Keeping in mind that prostate CSCs could represent a potential therapeutic target (Lang et al. 2009), we evaluated the stem signature described in enriched population of CSCs from tumors, in representative biopsies of the different histological grades and lymph-node and bone metastasis samples. We found, that all stem markers studied were present in low, medium and high Gleason grades and metastasis. However, the highest expression of CSCs proteins was observed in biopsies of medium grades. These samples correspond to patients with medium Gleason score (grades 5 to 6). At this stage, the tumor is usually confined to the prostate gland and most patients are subjected to radical surgery. However, many of them (around 30%) relapse months after surgery (Kotb and Elabbady 2011). This is a very interesting point, considering that metastasis is a very inefficient process, due to less than 1% of the neoplastic cells reaching blood circulation can actually colonize distant organs, and even a smaller percentage produce metastases (Chiang and Massagué 2008). It is well known that primary tumors secrete signals (altered proteins) that affect, in a selective way, specific stromal tissue favouring CSCs niche (Chiang and Massagué 2008; Witz 2008). Once CSCs colonize these conditioned stromas, they may remain for long periods of time in a dormant state before activating and producing metastases (Kaplan et al. 2006; Wels et al. 2008). This may explain the recurrence after apparently curative surgery in many cancers. In PCa, when a tumor is diagnosed as localized and without clinically evident metastases (medium Gleason grades), it is believed that radical surgery is curative.
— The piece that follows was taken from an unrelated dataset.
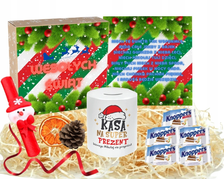 Ceramiczna skarbonka w kształcie walca z napisem 'KASA NA SUPER PREZENT, którego Mikołaj nie przyniósł'. Skarbonka posiada otwór umożliwiający wyjęcie pieniędzy. Skarbonka spakowana w ozdobne opakowanie, idealne do wręczenia na prezent na Mikołajki lub Święta!

However, at this stage many cancer cells may have reached blood circulation (according to our results, some of them presumably CSCs), colonized lymph nodes or other tissues and entered a dormant state. These CSCs may be responsible for later relapse in those patients. Interestingly, lymph-node and bone metastasis showed the lowest expression of CSCs markers. This may be explained because in growing metastasis, progenitors and malignant differentiated cells (originated from CSCs) are predominant.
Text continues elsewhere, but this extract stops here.